Two men from North East and East London started court proceedings against Zurich and their client, Franchisees of Papa John’s Limited, seeking damages for personal injuries and financial losses arising from an alleged road traffic accident.

It was claimed that the incident occurred in Pollard Hatch car park in Harlow, where they were sitting in their parked Toyota, when a Papa John’s company Honda Accord was reversed into the adjoining parking bay at speed, colliding with their car.

However, Zurich suspected they were dealing with a phantom accident. At the time of the alleged accident, the Honda was in the control of an employee of Papa John’s Limited and he was able to confirm that he was in fact not working on the day of the alleged collision, and that no one else had used it.

Close analysis of the Claimants’ documents revealed numerous inconsistencies in their accounts of injury, with further searches revealing that both had a history of making similar claims.

Pressed to disclose physiotherapy notes, they alleged treatment had been received through a Brighter Future Rehab (BFR), a physiotherapy company who, in turn, alleged they had outsourced it to Ascenti, a nationwide provider of physio treatment. Ascenti confirmed they had not accepted instructions from either claimants or BFR and they provided a witness statement, and the physiotherapist personally named was also happy to provide a witness statement to that effect.

As a result of HF and Zurich’s investigations, permission was obtained to not only deny the claims, but to assert fundamental dishonesty for both Claimants and counterclaim for damages arising from the Second Claimant’s misrepresentations and use of fraudulent documents. Both claimants were found to be fundamentally dishonest and ordered to pay the defendant’s costs of £30,973.

Graeme Mulvoy, Partner in Counter Fraud at Horwich Farrelly, said: “All too often people think they can get away with making fraudulent insurance claims, especially when those they’re claiming against are big industry players. This case demonstrates how we leverage the investigative tools at our disposal, and relationships with providers including physiotherapists, to right that wrong and hold them to account. We hope that knowledge helps discourage claimants and suspect companies from trying to do the same.”

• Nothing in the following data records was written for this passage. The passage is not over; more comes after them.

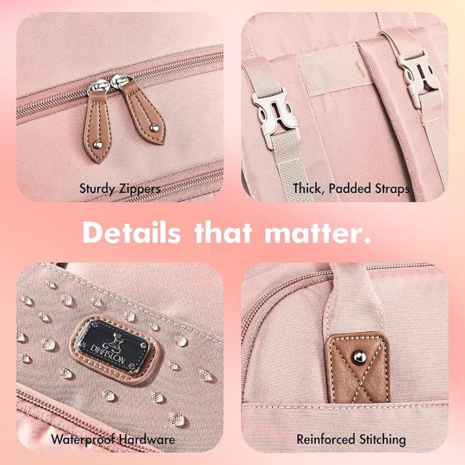 • Durability to last: Our maternity backpack diaper bag is crafted from lightweight and waterproof polyester fabric. Includes spill-resistant and easy-to-clean lining. You don't need to fear spilled milk or water. Non-fraying stitching, easy-tote top handle, back ergonomic design and thick padded cushioned shoulder straps will release stress and bring comfort while carrying.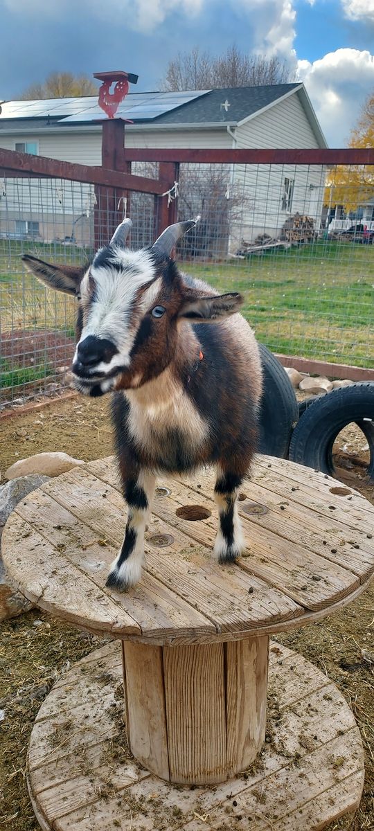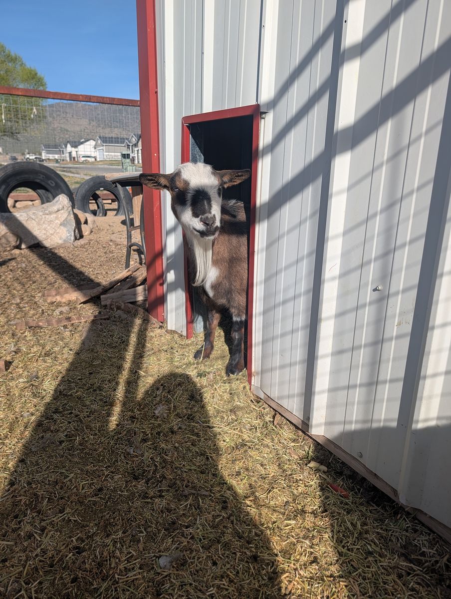 We are re-homing our two goats. They are Nigerian dwarf goats. Both are female and the one without horns is 3 years old and the goat with the horns is 1 1/2 years old. 50$ each.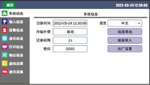 記錄儀同時(shí)記錄報(bào)警記錄、掉電記錄、操作日志,各256條記錄,循環(huán)存儲。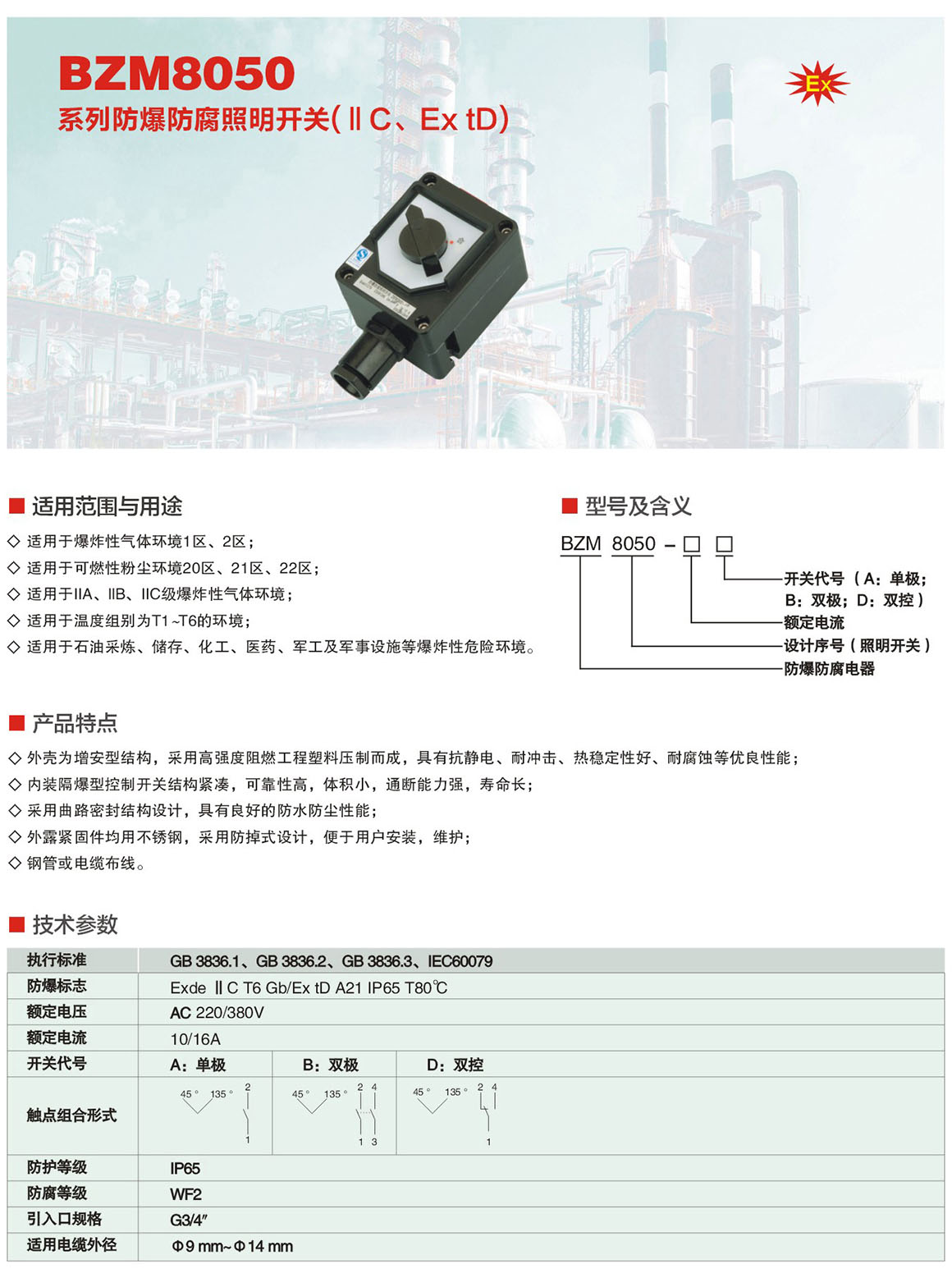 當(dāng)前位置: 首頁 > 產(chǎn)品中心 > 防爆防腐電器系列 > BZM8050系列防爆防腐照明開關(guān)(ⅡC、Ex tD)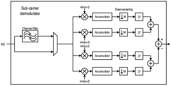A block diagram of an FSK demodulator based on correlators for processing a single sub-channel is shown in Figure 12. The proposed demodulator only illustrates the principle, and different simplifications can be used to optimize power consumption. For example, instead of using a sine wave, a square wave could be used, which would allow for removing multipliers and reducing complexity. The channel filter, which is the most demanding block here, only needs to be used if significantly stronger adjacent sub-channels are present; otherwise, it can be switched off to save power.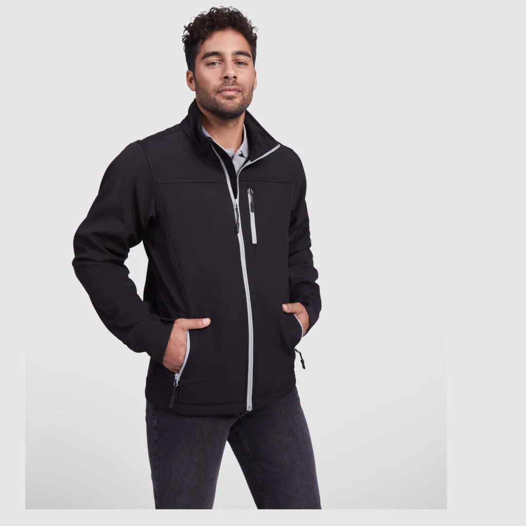 2-layer softshell. Inverted sealed effect zip with matching chin protector and zipper puller. Cut detail on chest. Three zip pockets with matching puller. Velcro fasteners in cuffs. Adjustable bottom hem with elastic drawcord and stoppers. 1000 mm water resistant. Wind-proof fabric. The model is 185 cm and is wearing size M.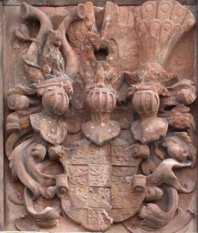 Renaissance-Portal, das jeweils ein zwölffeldriges Wappen mit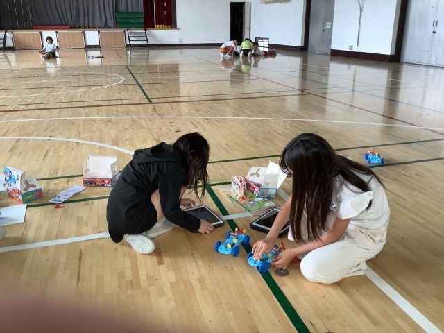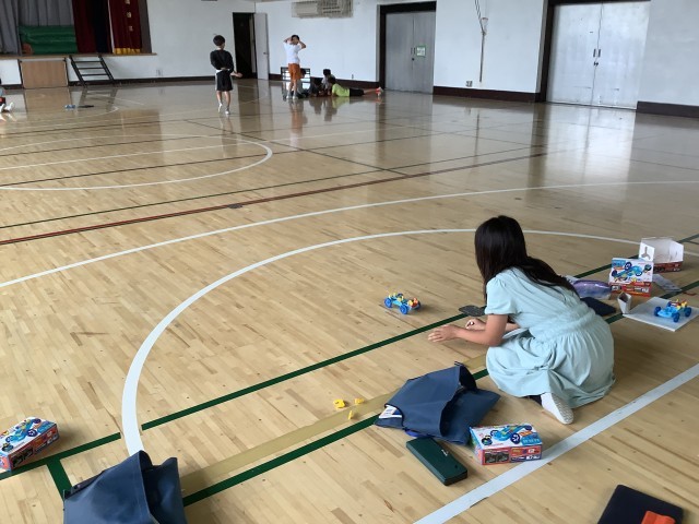 乾電池の数を変え、モーターカーを走らせて、データを集めています。「数が変わると全然違います」驚きの結果を教えてくれました。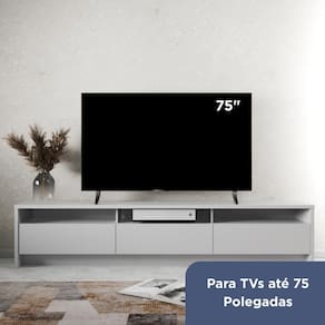 Compatível com TVs de até 75 Tampo resistente e espaçoso, ideal para sua TV e itens decorativos.

Scott Clayton, Head of Fraud at Zurich Insurance commented, “We take fraudulent claims very seriously and findings such as this help us protect our honest customers and their employees. In this case, it was not only the claimants trying to bring dishonest claims but a physiotherapy company who falsified documents. Through the collaboration of Zurich, Horwich Farrelly and Ascenti, we’ve ensured they failed in their attempts and, rightly, been ordered to pay our legal costs.”